» **Problem details**
Once the images are set aside, print the remaining lines below exactly.

» **Dataset content**
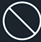
Trespassing & Intruders
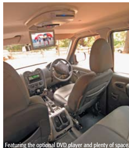
Featuring the optional DVD player and plenty of space.
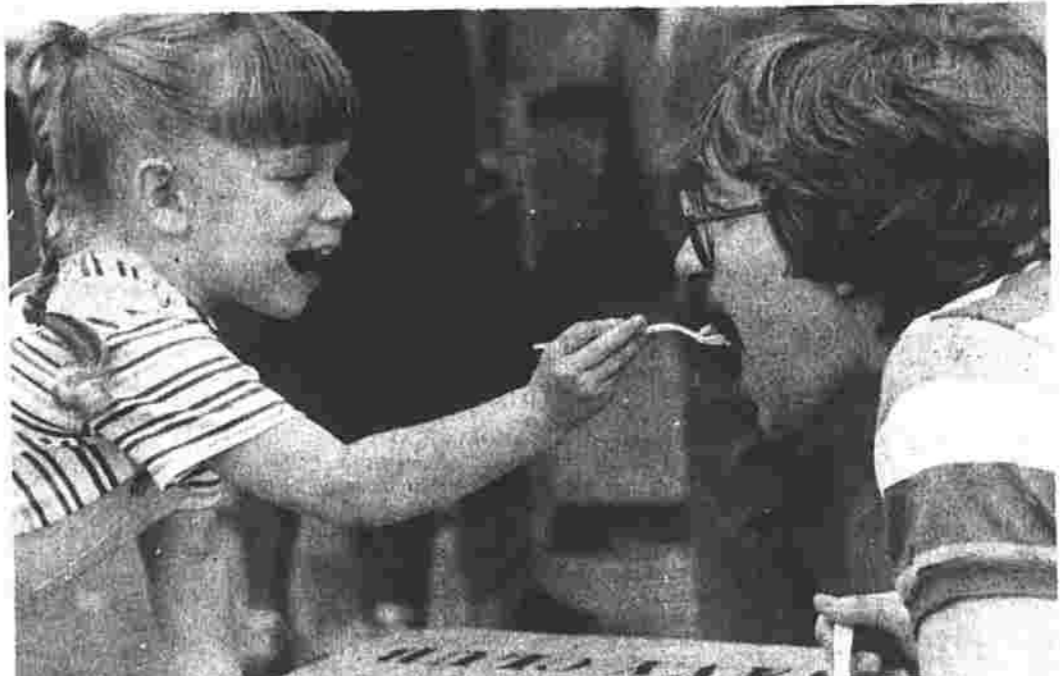
Strawberries for Daddy

At least two members of the Board of Directors will urge their colleagues to cut off all discussions with the Human Relations Commission about affirmative action. They say they believe the commission is unfairly characterizing the board as lacking a commitment to minority hiring.

» **Response**
Trespassing & Intruders
Featuring the optional DVD player and plenty of space.
Strawberries for Daddy

At least two members of the Board of Directors will urge their colleagues to cut off all discussions with the Human Relations Commission about affirmative action. They say they believe the commission is unfairly characterizing the board as lacking a commitment to minority hiring.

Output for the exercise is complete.